After nurses from two CHS-owned hospitals in Watsonville and San Diego County, California, spoke at a rally last winter protesting CHS’s latest acquisition, both were fired. (“Unfair labor practice” charges are pending.) CHS fired another union activist, at Affinity Medical Center in Ohio, and then went to the Ohio Board of Nursing to attempt to get her license revoked. The complaint was rejected, and Affinity was forced to reinstate her.

Like Wilkes-Barre General, Affinity was acquired by CHS in 2009. And just as at Wilkes-Barre, the number of nurses at Affinity has dropped by more than 10 percent since the takeover, despite a major expansion of the ER. Support staff have also been slashed. “Now they have nurses emptying trash, wiping down IV poles, even dusting,” says Michelle Mahon, NNU’s regional staff rep, echoing the old-timers at Wilkes-Barre. “It’s like the 1900s.” Understaffing has gotten so bad in the mental-health unit that severely ill patients often go unobserved, leading to one nurse getting choked and another battered so badly that she ended up with several fractured ribs.
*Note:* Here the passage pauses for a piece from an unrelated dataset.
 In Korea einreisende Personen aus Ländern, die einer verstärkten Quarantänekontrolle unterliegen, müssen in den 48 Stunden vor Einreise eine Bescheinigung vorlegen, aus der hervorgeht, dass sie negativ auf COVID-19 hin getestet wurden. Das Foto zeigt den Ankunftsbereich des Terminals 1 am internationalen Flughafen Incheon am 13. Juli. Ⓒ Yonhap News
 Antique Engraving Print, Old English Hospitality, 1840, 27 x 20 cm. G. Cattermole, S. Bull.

It’s not that CHS hospitals can’t afford to ease their nurses’ workloads. An NNU analysis of federal Medicare cost data for the fiscal year ending in January 2012 found that hospitals, on average, were charging Medicare $331 for every $100 of total costs. But many CHS hospitals charge double that, putting them among the most expensive in the country. The number at the Watsonville hospital is $737; at Wilkes-Barre General, it’s $638. Wilkes-Barre General and CHS both declined to respond to detailed questions.
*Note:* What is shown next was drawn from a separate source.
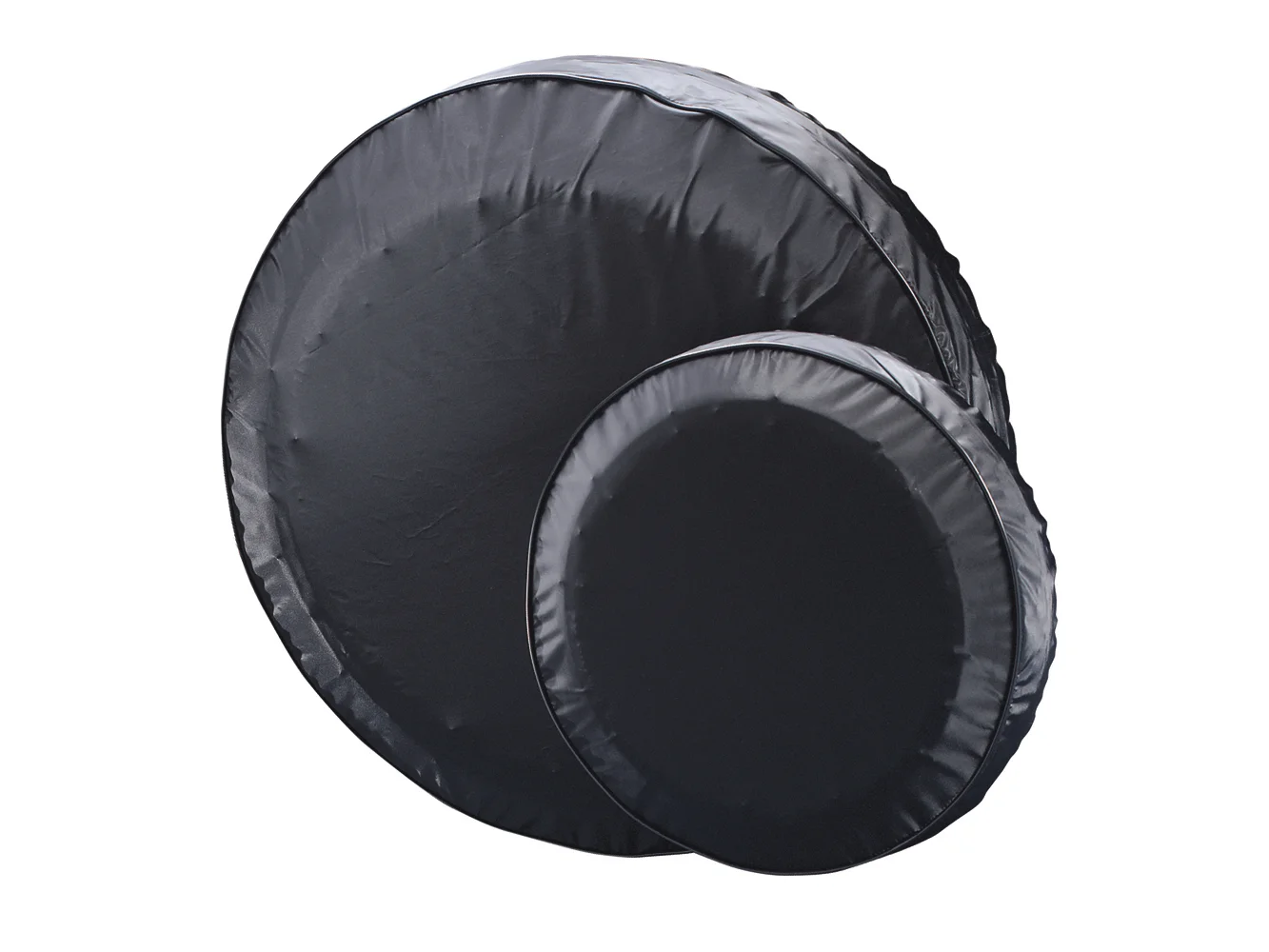 Strong black vinyl with corded edge and elastic closure for a snug fit. Protects tires or spares from sun and foul weather for years of use. Protects tires from sun and foul weather, Strong black vinyl material, Corded edge and elastic closure.

Partly due to pricing practices like these—and perhaps also due to fraudulently billing government health programs, the subject of a $98 million settlement in early August—CHS brought in $13 billion in profits in 2013. Its top five executives all pulled in compensation packages worth more than $2.3 million that year. CHS chief executive Wayne Smith received $8.8 million.
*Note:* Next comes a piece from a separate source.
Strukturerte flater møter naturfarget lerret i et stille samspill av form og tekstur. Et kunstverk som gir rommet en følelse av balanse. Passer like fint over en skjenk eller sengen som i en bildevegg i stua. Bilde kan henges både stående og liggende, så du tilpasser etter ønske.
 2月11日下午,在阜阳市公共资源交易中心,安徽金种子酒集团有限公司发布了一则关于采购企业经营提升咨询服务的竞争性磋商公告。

In our increasingly polarized economy, it seems, squeezing workers to the breaking point is just another way to maximize gains at the top. But we’re all absorbing the cost of doing business, if not in broken backs and ribs and shattered sleep, then in unsafe food and roads and hospitals. Little in our regulatory system takes on the risks of work speedup. “During a fatality investigation, OSHA doesn’t ask the question why: Why was the guard off the machine?” Celeste Monforton says. “And it’s typically off the machine because they can operate quicker without it.” She circles back to the Massey mine explosion, which she helped investigate: “The technical way it happened was the coal dust exploded—but the cause was the production pressures, the way the company had no respect for the workers’ lives.”